You cannot post a reply to this discussion. If you have a question start a new discussion

A new flyer on safely managing the emergent properties of complex systems

To develop a system that is safe, a sufficient understanding of its properties is needed. For a complex system, this must include emergent properties, without which understanding is not complete and confidence in its safety cannot be claimed. Our new flyer has been created to help managers and engineers understand complexity and emergent properties to guide systems more clearly and safely through their life cycles. In doing so, there is greater potential to develop safe products that are fit for purpose, produced efficiently, and supported effectively. Download the flyer for free: Safely managing the emergent properties of complex systems

The diagram below demonstrates how to navigate complex systems safely:

Our flyer also presents the objectives for engineering managers, which includes sustainable thinking, exploiting technology for deeper management insights, as well the objectives for engineers, which includes a better understanding of emergent properties and when to take action.

Download the flyer for free: Safely managing the emergent properties of complex systems

All feedback on this paper is welcome. Log in to your IET EngX account and leave your comments below.

Parents
  • There are two problem domains associated with emergence

    1. understanding the processes that create emergent properties

    2. managing a system that has emergent properties.

    The millennium bridge is a classic example.

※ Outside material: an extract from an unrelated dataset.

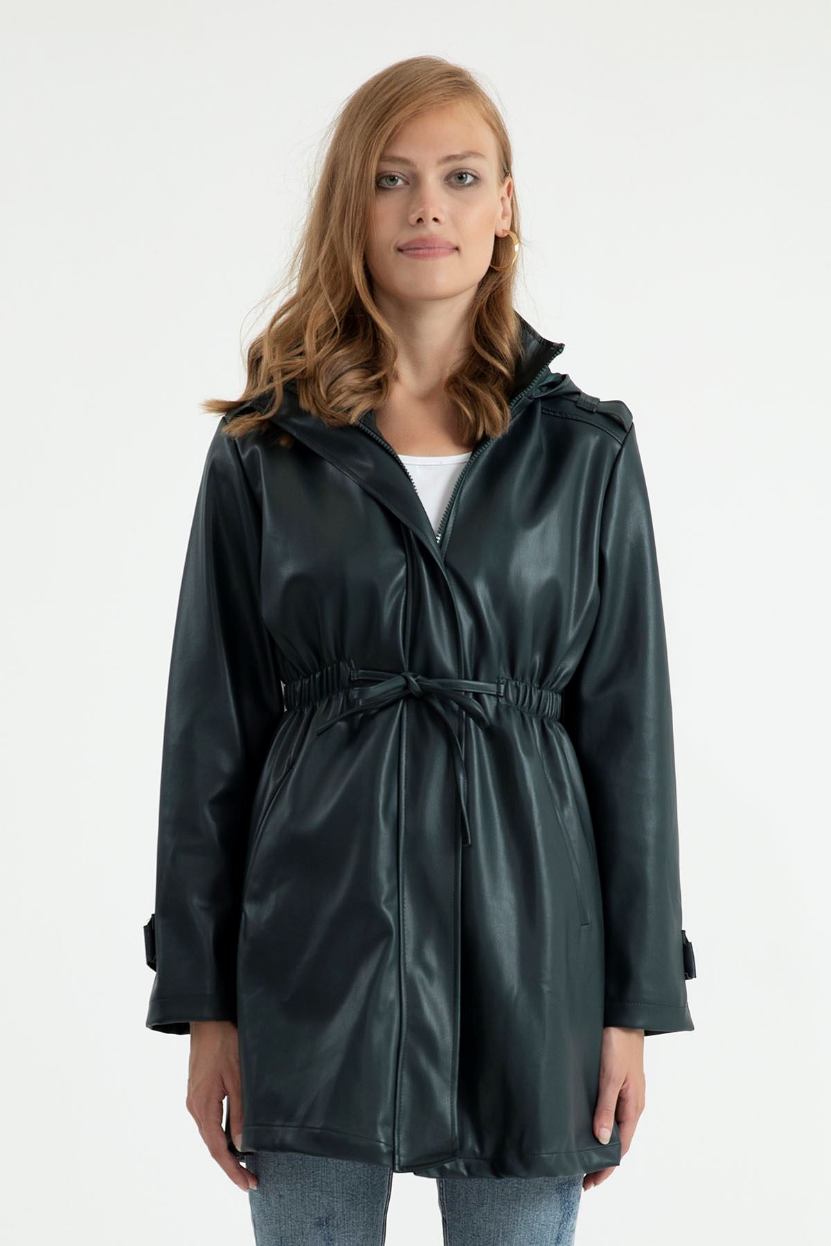 Suni Deri Kumaş Uzun Kol Fermuarlı Yaka Tam Kalıp Kadın Trençkot-Zümrüt Yeşil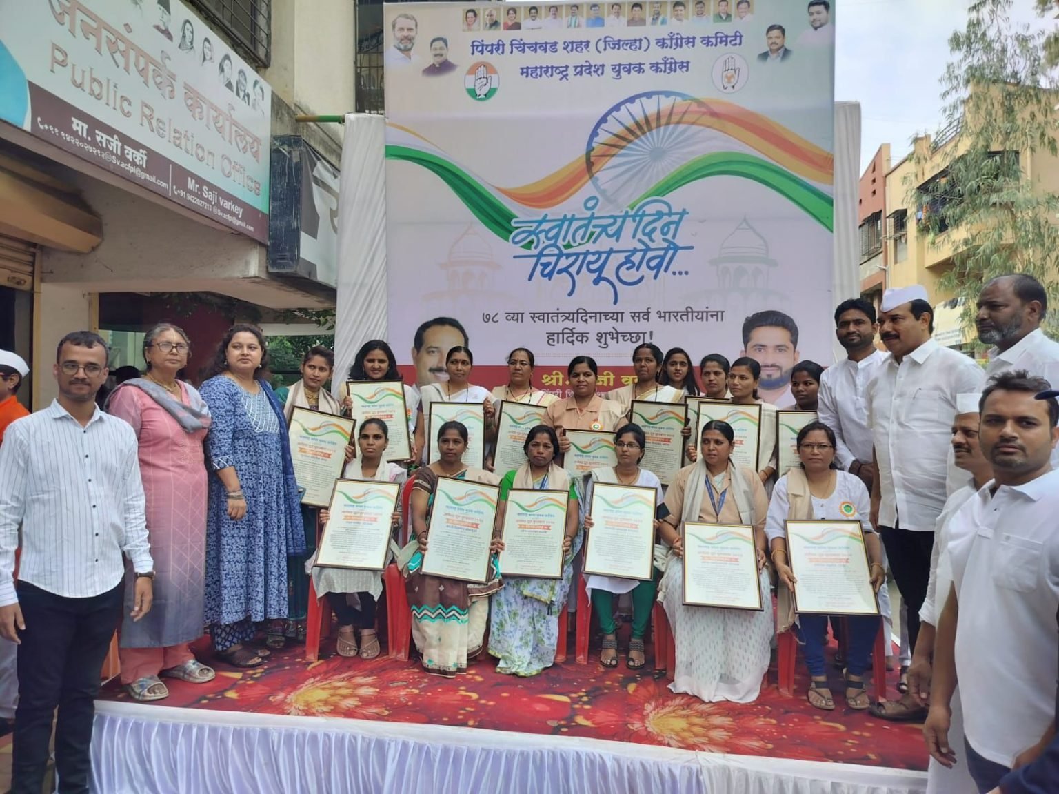 युवक काँग्रेसच्या वतीने स्वातंत्र दिनाचे औचित्य साधून शोभा दत्तात्रेय मस्के, सुवर्णा अरुण पवार, संगीता संदीप मोरे, क्रांती दिनकर होनमुने, मृणाली कमलेश वाघमारे, नुसरत मोसिन शेख, शैला निलेश दाभेकर, जयश्री मारुती चासकर, प्रियंका विलास चासकर नीलम हिरालाल जाधव, सरिता सहदेव गोळे, प्रज्ञा मंगेश ओवाळ, ज्योती विनोद पाचारणे, योगिता पप्पू पालवे, अंजली विनोद जावळे, नीता आनंद कारंडे, शोभा नरसिंग पांचाळ, मनीषा भरत दौंड, राणी गोविंद थोरात या आशा स्वयंसेविकांचा सन्मानपत्र आणि शाल देऊन सन्मान करण्यात आला.

    The swaying of the bridge was the result of a combination of processes including the way people walk, the way people react when what they are walking on moves, and the design of the bridge that allowed it to sway. The emergent property resulted from the way they all interacted through various forms of feedback processes.

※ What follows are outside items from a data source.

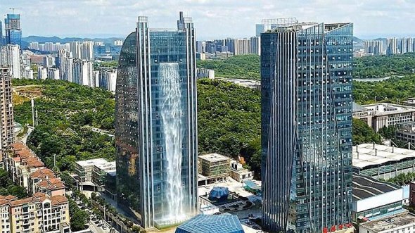 У китайському місті Гуйян відкрили хмарочос із найбільшим штучним водоспадом у світі. Його висота сягає 108 м. Водоспад запускають 4 насоси, а воду збирають у величезному резервуарі на землі.
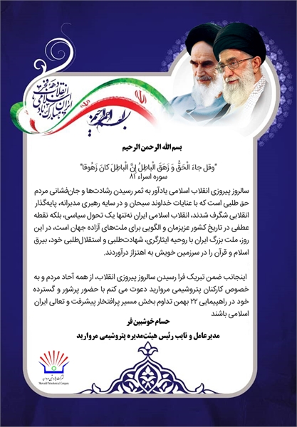 اینجانب ضمن تبریک فرا رسیدن سالروز پیروزی انقلاب اسلامی، از همه آحاد مردم و به خصوص کارکنان پتروشیمی مروارید دعوت می کنم با حضور پرشور و گسترده خود در راهپیمایی ۲۲ بهمن تداوم بخش مسیر پرافتخار پیشرفت و تعالی ایران اسلامی باشند.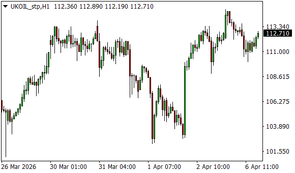 Vývoj ceny ropy Brent (1hodinový graf - H1):

    Managing the swaying, i.e. changing the design of the bridge to reduce the effect was a completely different problem.

    The models associated with each domain are different and require different levels of abstraction. The first depends on the nature of the emergent properties. The second is nearly always a top down approach which models the emergent properties as observed - i.e. the system as a whole.

    Unfortunately, in both domains, the problems are most probably non-linear and unpredictable, even if the project looks very much like lots of other problems.

    IMHO, it all comes down to dealing with uncertainty. The best remedy is test and repeat through processes of proof of concept, pilot, prototype, trials etc. To minimise the risks, you need a few people with a wide range of knowledge and experience - they've hopefully seen it before, or at least recognise when things aren't right.

    Models are essential but they need to be validated.

  • [Here I quote Bernard Robertson-Dunn. I write it this way to get the SW to behave the way I want]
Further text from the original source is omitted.